Even before we learn about the dangerous and mysterious drug in “Synchronic,” something about New Orleans feels … off. The skies above the city swirl and glow in strange ways, and it always feels as if it’s 2 a.m. and there’s nobody on the streets, and bad things are happening in and around the dilapidated houses in the city’s worst neighborhoods. The camerawork adds to the feeling of disconnect and impending despair; we weave this way and that as we follow veteran EMTs and best friends Steve (Anthony Mackie) and Dennis (Jamie Dornan), who find themselves responding to increasingly bizarre emergencies. They find drug overdose victims who are babbling incoherently and often suffering from grotesque injuries, sometimes with fatal results. A bite from a snake that hasn’t been seen in this region for decades.

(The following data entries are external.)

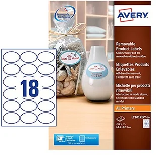 Avery l7101rev-20 owalne etykiety można zdjąć papieru 63,5 X 42,3 MM 360 sztuk, białe L7101REV-20.UK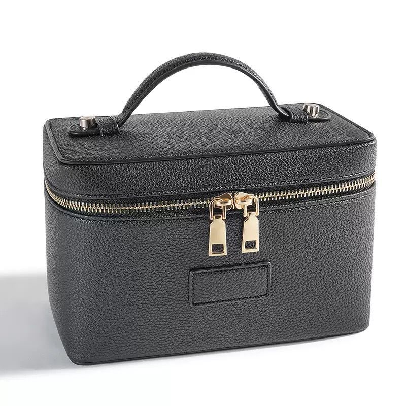 外贸荔枝纹皮革化妆包手提斜跨肩带PU皮革化妆箱大容量旅行化妆包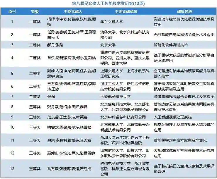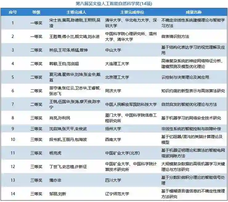 华东交通大学杨辉、清华大学任勇等完成的项目成果分别获得吴文俊人工智能技术发明奖一等奖。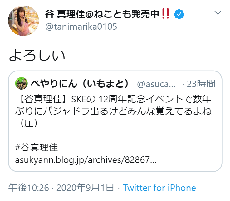 — 谷 真理佳@ねことも発売中‼️ (@tanimarika0105) September 1, 2020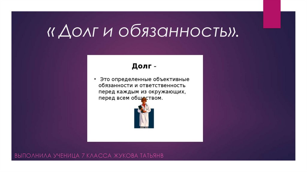 Долг — это обязательство, а также денежные средства или другиеактивы, которые кредитор передаёт заёмщику с условием их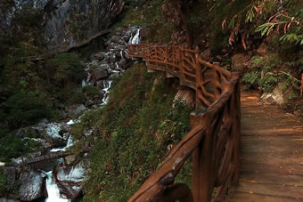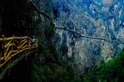 、诟呖諚5捞诫U游路:福緣橋——龍王廟——天開石門——鶴峰亭——五道水服務(wù)區(qū)——高空玻璃棧道——七彩玻璃觀景平臺——高空棧道——七道水彩虹橋——七道水瀑布——野生芭蕉林——百步天梯——萬獸谷——枯木要塞。全長3500米,

A compound fracture suffered by a victim speaking in tongues. A spontaneous combustion. A stab wound — from a centuries-old sword. The only thing the victims have in common is they’ve all ingested a lab-produced drug known as Synchronic.

Co-directors Justin Benson and Aaron Moorhead (“Resolution,” “V/H/S: Viral”) do a brilliant job of giving us a visceral ride through the experiences of a Synchronic trip, in which you’ll find yourself on your sofa but suddenly your sofa is in the middle of a swamp a century ago, or you wake up in the Ice Age, with a woolly mammoth trudging by in the background. Mackie’s Steve, who once dreamed of becoming a scientist (his beloved dog is named Hawking) and has a passionate interest in quantum physics and unexplained phenomena, manages to track down the last several packets of Synchronic. (The chemist who created the drug has had a crisis of conscience and is no longer making it.) When Dennis’ teenage daughter Brianna (Ally Ioannides) goes missing, Steve makes it his mission to take one dangerous and potentially life-sapping Synchronic trip after another in an effort to find out where and WHEN she is and bring her home safe.

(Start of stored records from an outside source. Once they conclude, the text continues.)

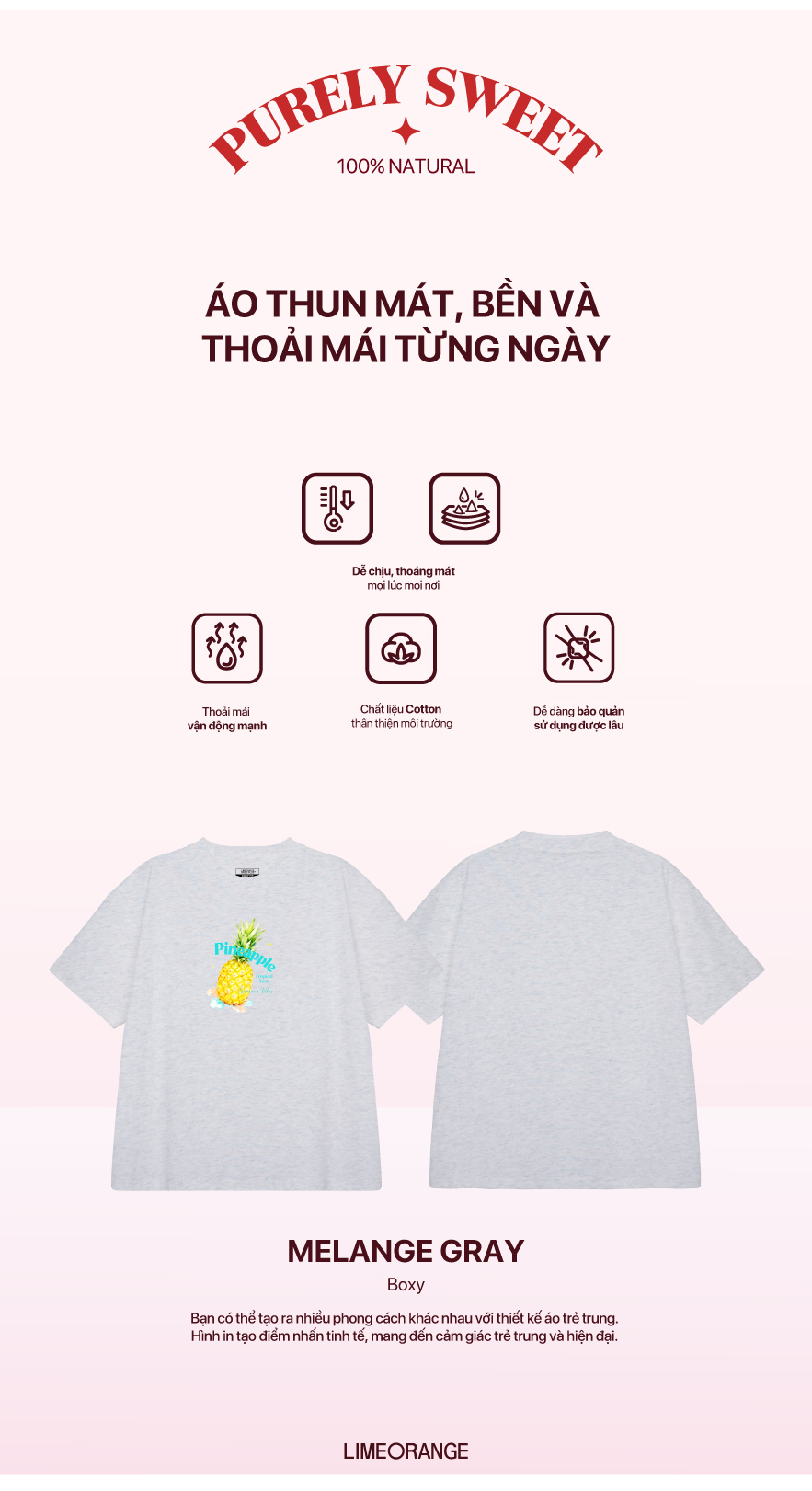 Thông tin sản phẩmĐánh giá sản phẩmHỏi đáp sản phẩmVận chuyển/ Trao đổi / Trả XEM TIẾPĐÁNH GIÁ SẢN PHẨM50 đánh giá5040302010Đăng nhập và viết đánh giáChọn 3 đánh giáChọn 10 đánh giáChọn 15 đánh giáChọn 20 đánh giáChọn 10 đánh giáThứ tự mới nhấtThứ tự thích nhiềuThứ tự bình luận nhiềuThứ tự mới nhấtHomeÁo ThunÁo thun inÁo thun hình in phom Boxy - Purely Sweet CollectionÁo thun hình in phom Boxy - Purely Sweet Collection300,000 VNDTạm ngưng bán0 đánh giáĐã bán 0Mã sốLU25221134 Màu sắcHướng dẫn chọn sizeDanh sách hệ thống cửa hàng LIMEORANGEGiao hàng hỏa tốc (có phí)Áp dụng cho đơn đặt trước 15h tại TP.HCM, vui lòng liên hệ CSKHĐổi hàng dễ dàngTrong 10 ngày với bất kỳ lý do gì (trừ sản phẩm giảm giá trên 40%)Miễn phí vận chuyểnHồ Chí Minh: Đơn từ 300K Ngoại thành: Đơn từ 450KĐa dạng hình thức thanh toánCOD/ QR thanh toán / Thẻ tín dụng/ MoMo/ ZaloPay...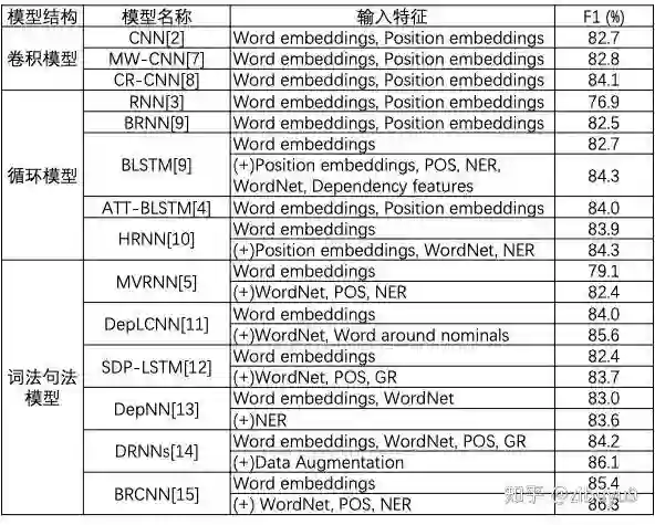 面向自然语言文本序列已经有很多神经网络类型,例如循环神经网络(RNN、LSTM)、卷积神经网络(CNN)和Transformer等,这些模型都可以通过适当改造用于关系抽取。最初,工作 [1,2] 首次提出使用CNN对句子语义进行编码,用于关系分类,比非神经网络方法比性能显著提升;工作 [3,4] 将RNN与LSTM用于关系抽取;此外,工作 [5] 提出采用递归的神经网络对句子的语法分析树建模,试图在提取语义特征的同时考虑句子的词法和句法特征,这个想法也被不少后续工作的进一步探索。这里,我们列出一个表格,总结各类典型神经网络在基准测试数据集合SemEval-2010 Task-8 [6] 上的效果。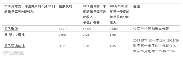 *请注意,7月3日,雅诗阁公寓信托和腾飞酒店信托提出通过信托计划或安排的方式合并,该方案须经联名持有人批准,方案会议尚未召开。

“Synchronic” is filled with big ideas played out on a relatively small canvas. It’s about best friends who envy each other’s lives and don’t appreciate what they have. Dennis found the love of his life (the always terrific Katie Aselton) and is still married to her, but he’s allowed the relationship to stagnate and he tells Steve the problem with finding the love of your life is you’ll never again have that feeling of first discovering her. Steve rightfully calls bull---- and laments being alone, especially when he finds out he’s sick. Really sick.

Anthony Mackie and Jamie Dornan both have been parts of blockbuster Hollywood franchises — “The Avengers” and “Fifty Shades of Grey,” respectively — but they comfortably slip into this gritty, indie vehicle and deliver some of their best performances working together. Through the psychedelic journeys and the blood-spattered crime scenes and the brooding atmosphere, “Synchronic” is at heart a good old-fashioned buddy movie about two friends who will risk all for each other.